Den möglichen Sparvorgaben, die zurzeit von der Landesregierung für die Hochschulen erwogen werden, steht Seckler ungläubig gegenüber. „Da bin ich zunächst nicht bereit, das zu akzeptieren“, sagt er. Bei steigenden Bewerberzahlen sparen zu wollen, sei vollkommen unverständlich. „Die Landesregierung kann sich nicht einerseits beklagen, dass viele junge Menschen das Land verlassen und andererseits sagen, die Hochschulen sollen weniger Studierende ausbilden, von denen ja viele hier bleiben würden.“
Secklers Vision von der Potsdamer Uni ist die einer forschungsstarke Hochschule, in der Spitzenforschung die Grundlage ist. „Lehre und Forschung müssen wirklich eine Einheit sein“, sagt er.
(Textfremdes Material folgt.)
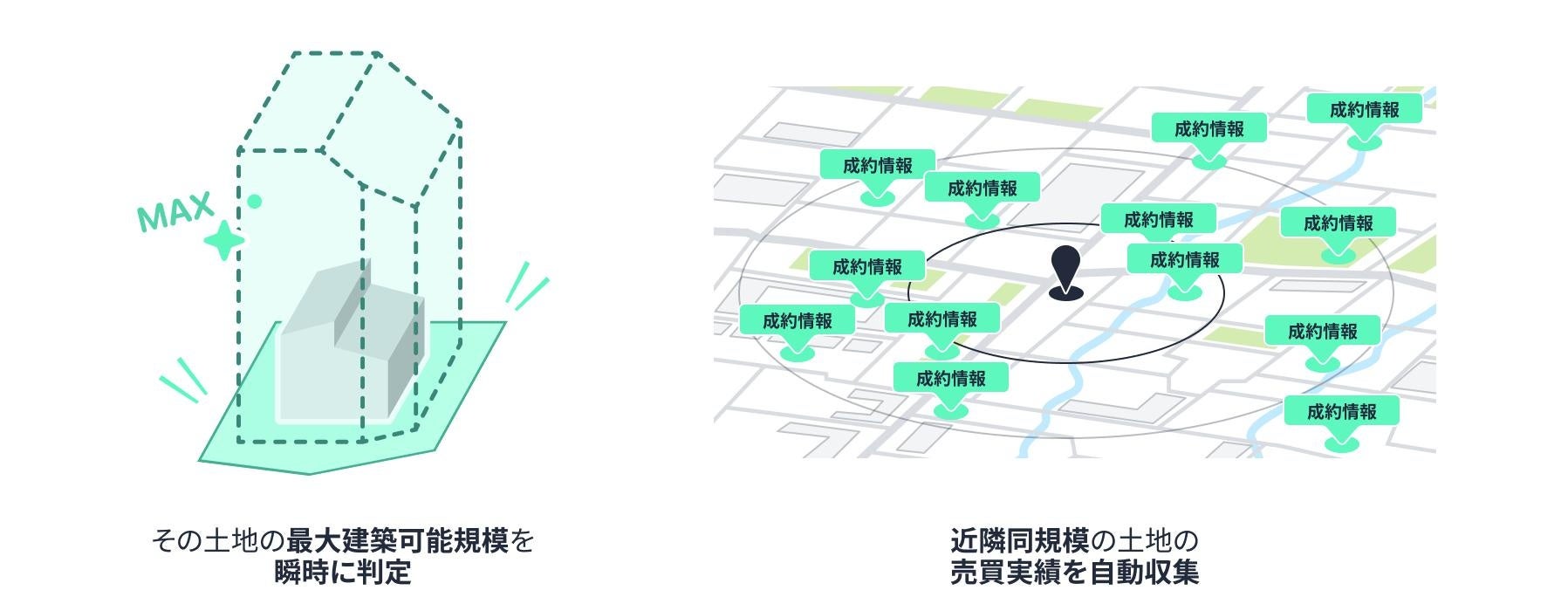 このテクノロジーを活用することにより、土地の基本情報を入力するだけで、都市計画や条例を反映させた上で、その土地に建てられる最大規模の建物データを自動生成することが可能になりました。さらに、この建物データに加え、周辺エリアにおける同規模の物件成約状況や路線価情報なども自動収集できるシステムを構築することで、その土地が持つポテンシャルをデータ化することに成功しました。
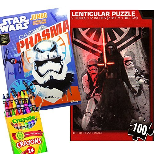 -. Binding : Toy -. Brand : Star Wars -. EAN : 0751778439904 -. Feature : Delight your Star Wars fan with Star Wars Episode 7 The Force Awakens 3 in 1 set. Including One Coloring and Activity Book, One Lenticular Puzzle and 24 Crayola Crayons / Star Wars Coloring and Activity Book: Book measure approximately 8" x 10.75" and have about 96 pages . / Star Wars Lenticular Puzzle: 100 Piece Puzzle. Featuring Kylo Ren and Storm-troopers characters. Jigsaw Puzzle. Completed size puzzle is 9" x 12" / 24 Crayola Crayons in a box: The 24 non-toxic crayons in this pack feature classic colors, as well as bright, fun shades that help inspire self-expression and imaginative play. / Great gift for your favorite Star Wars enthusiast! This coloring and activity book and puzzle set will provide many hours of learning and fun! -. IsAdultProduct : 0 -. Label : Star Wars -. Manufacturer : Star Wars -. PackageQuantity : 3 -. ProductGroup : Toy -. ProductTypeName : TOYS_AND_GAMES -. Publisher : Star Wars -. Studio : Star Wars -. Title : Star Wars Episode 7 The Force Awakens 3 in 1 Set - Including Coloring and Activity Book + Lenticular Puzzle Game + 24 Crayola Crayons -. UPC : 751778439904
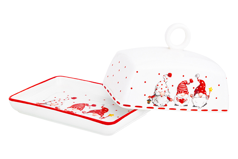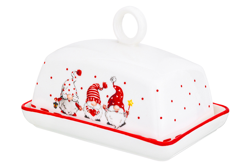 Масленка серии "Веселые гномики" 13,5х9х8 см позволит вам эстетично подавать масло на стол - идеально для завтраков и чаепитий! Масленка выполнена из высококачественного фарфора и украшена яркими изображениями гномиков. Гномы, маленькие новогодние помощники, принесут праздничную атмосферу и подарят каждому хорошее настроение. При хранении в холодильнике масло не будет впитывать запахи других продуктов благодаря крышке. Масленка сохранит его натуральный запах и насыщенный вкус. В масленку помещается кусок масла 9,5х5х4 см. Масленку можно использовать в микроволновой печи и посудомоечной машине. Поставляется в стильной картонной упаковке. Масленка из серии посуды "Веселые гномики" сможет стать настоящим украшением кухни или приятным подарком для ваших родных и близких!

Dann würde die Uni auch für Studierende von außen attraktiv sein. „Es wäre ein Fehler, die Hochschule nur als Ausbildungsstätte für Landeskinder zu sehen“, meint Seckler. Potsdam sei ein attraktiver Studienstandort. „Wenn man das mit einem entsprechenden Anspruch für international orientierte, forschungsnahe Studiengänge untersetzt, dann ist mir um die Universität Potsdam nicht bange“.
Robert Seckler tritt am 28. September gegen seinen Mitbewerber Oliver Günther von der Berliner Humboldt Uni zur Wahl zum Präsidenten der Universität Potsdam an. Seckler ist seit 1998 Professor für Physikalische Biochemie an der Universität Potsdam.
Der Biochemiker war von 2008 bis 2011 Vorsitzender des Senats der Universität Potsdam. Der 1954 in Baden-Baden geborene Wissenschaftler hat nach Studium und Promotion an der Universität Tübingen in den USA und Regensburg geforscht.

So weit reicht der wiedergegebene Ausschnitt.